Initial guess for temperature(s) can be problematic when setting state with conserved variables

[mgoodson-cvd]

When using set_state with vars = 0, which uses conserved variables (partial densities rhoY and total internal energy density rhoe and vibrational energy rhoev for 2T), a Newton iteration is required to determine the temperature. This is done for 1T using getTfromRhoE and for 2T using solveEnergies. The Newton iteration requires an initial guess for the temperature. In both instances, the initial guess for the temperature comes from m_T, which is the stored temperature in memory. If using set_state for the first time since initializing a mixture object, the initial guess will be 300 K because this is what m_T is initialized to in the StateModel constructor. However, on all subsequent calls using the same mixture object, m_T will simply be whatever was in memory from the last time the temperature was set.

This isn't necessarily wrong or even a bad idea. Imagine using M++ in a code and looping over cells, using a single mixture object, passing in conserved vars. The first cell performs the Newton solve, gets its temperature, carries on. If the next cell in your loop isn't in too different of a state, which is usually the case, the previous solution is probably a great initial guess. However, I see three potential issues with this. The first is when the next cell isn't in a similar state, such as when crossing a shock. However, Newton does pretty well with a sane initial guess, so this is likely okay. The second is when the previous cell didn't converge for some reason. If this happens, you're probably in trouble anyway, but your next call to M++ might fail due to the bad initial guess, even if you gave it sane inputs. This seems bad. The third major issue is repeatability. The fact that my initial guess depends on the previous call means that if I change the cell order, I can get different results. As long as my Newton iteration converges, this is likely not a major issue.

Of these three issues, the second issue is the most concerning to me. There are several potential remedies.

The first is to always start from the same initial guess. There is actually commented out code in the 2T solveEnergies function that sets both m_T and m_Tv to 500 K for the initial guess, every time. Is this safer than the above? Yes. Is it less performant? Likely yes.

The second is to allow the user to specify an initial guess. This can actually already be accomplished by just calling set_state with vars=1, passing in temperatures and partial densities. The temperatures will be used to set m_T and m_Tv and as long as you don't do anything else, those will be preserved in memory and used as the initial guesses when you call set_state with vars=0. This method does not require code modification, but instead places the burden on the user to call set_state twice. Alternately, an optional input could be added to set_state with the temperature(s) array.

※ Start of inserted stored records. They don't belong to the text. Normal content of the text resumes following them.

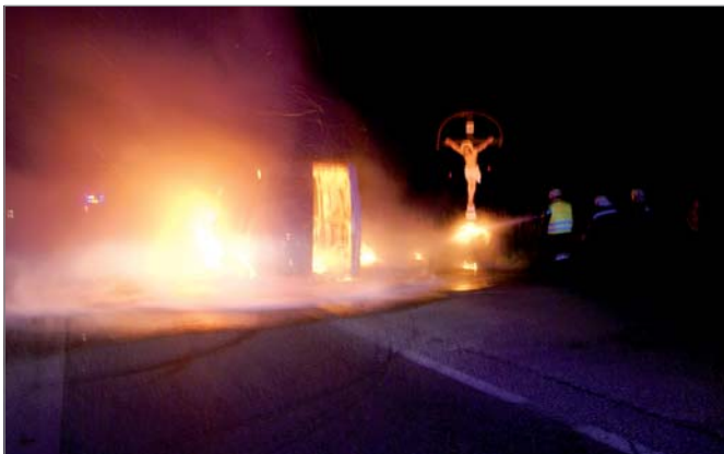
... der Brand konnte rasch gelöscht werden. Eingesetzte Feuerwehren: FF-Kettlasbrunn, FF Eibesthal und FF Mistelbach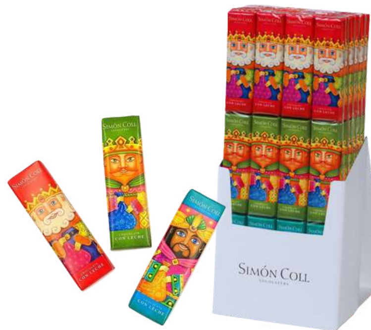
TIRA DE 3 CHOCOLATINAS REYES MAGOS CHOCO 3x18g REF-XM6 PV: 2,30€/unid Caja: 24 unid: 55,20€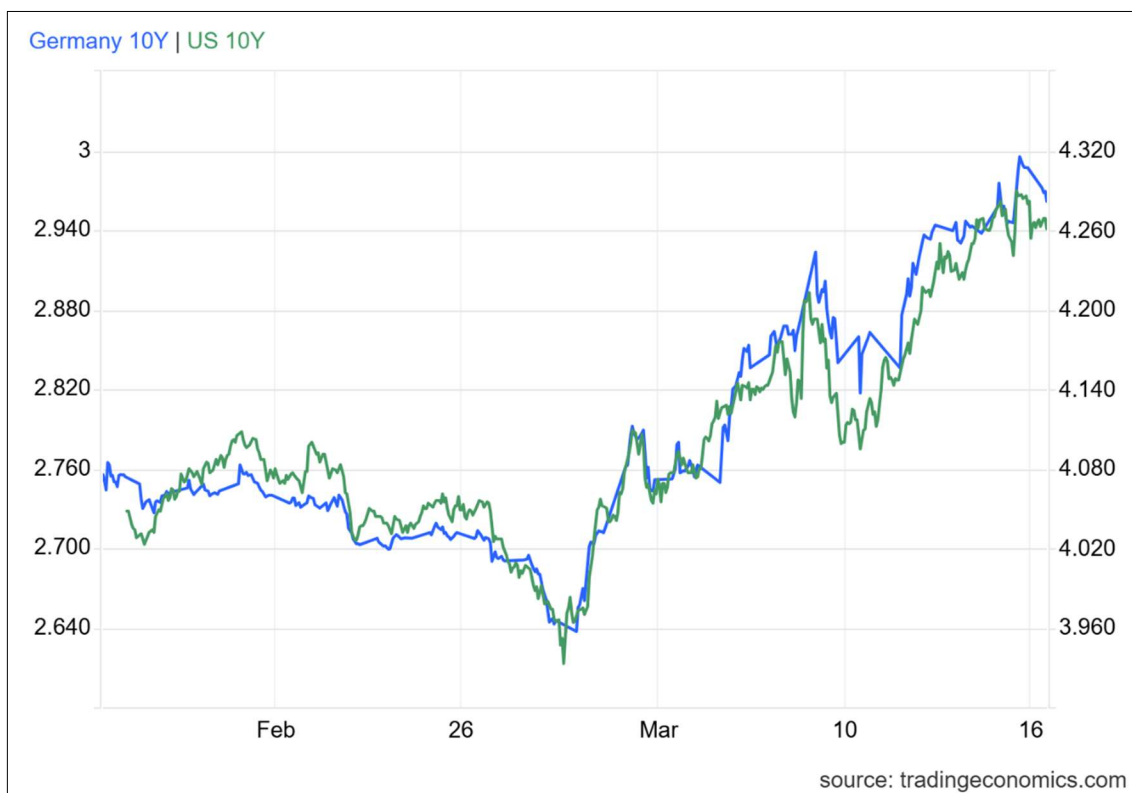
TIR del bono a 10 años del Tesoro americano vs TIR del bono alemán a 10 años.

Con todo, el mercado de renta fija ha sido uno de los segmentos donde las tensiones geopolíticas actuales se han reflejado con mayor intensidad. El temor a un posible repunte inflacionista y la incertidumbre en torno a las políticas monetarias han provocado un aumento significativo en las rentabilidades de la deuda soberana.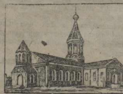
Царква Нова-Данскіх могілак у яе ранейшым выглядзе.

Першай натуральнаю перавагаю спосабу пахавання з'яўляецца неабходнасць час ад часу выдаваць дзеля могілак новыя участкі гарадскога зямлі. Праца, пры выданы тэрмін можа быць вельмі перакупаваная.

The third is to check whether or not the stored value for m_T and m_Tv are sane before using it as the initial guess. If the value is "bad" (which would need to be defined...), then reset to some sane value, like 500 K. I would define a "good" temperature to be between 50 K and 20,000 K. The 1T getTfromRhoE already "clamps" the temperature at 50 K, so that seems like a good lower bound. I think I've seen an upper bound on temperature somewhere in M++ but I can't recall where; but if you're using M++ above 20,000 K, you may want to think again.

I am leaning toward the option 3, at minimum. I am leaning away from option 1 because it is less performant. The advantage of option 2 is that a guess provided by the user is likely to be the best. Doesn't mean we can't still have option 3 in there.

[jbscoggi]

Hey @mgoodson-cvd, I'm actually surprised we are still using the previous temperature as the initial condition. I think I have probably commented that out and used a fixed temperature of 500K several times in the past. In fact, using the previous temperature led to a very serious and difficult-to-diagnose bug when computing finite-difference jacobians in a CFD solver. Basically, when the solver would perturb each conserved quantity to compute the finite-difference, the starting point for the temperature would be different each time leading to slightly different results for each perturbation. This in turn would lead to non-zero terms in the jacobian which should have been strictly zero. In generally, it's definitely safer to have a fixed initial guess, or at least a deterministic algorithm for choosing a good guess. For example, you could always compute the enthalpy at two fixed temperatures and do a linear interpolation with the given enthalpy to find an initial temperature. That should always give the same results when providing the same enthalpy and might improve the Newton convergence. This might be a case of premature optimization however. It is probably worth getting some statistics of number of Newton iterations required for a bunch of representative cases to see how much the initial guess matters for performance.

[mgoodson-cvd]

@jbscoggi Very interesting. Commented-out lines left in source, such as the line setting the temperature to 500 K here, are rarely without a purpose or story -- good to learn that for this one!

I can do some testing on convergence. As I mentioned in the original post, I am still somewhat hesitant to always start at a fixed temperature of say 500 K since it will hurt performance on sane cases. However, it will also solve some issues so really the best answer is to allow an initial guess, and if none is provided, then fall back to 500 K. I can't see a scenario in which using what was in memory is desired.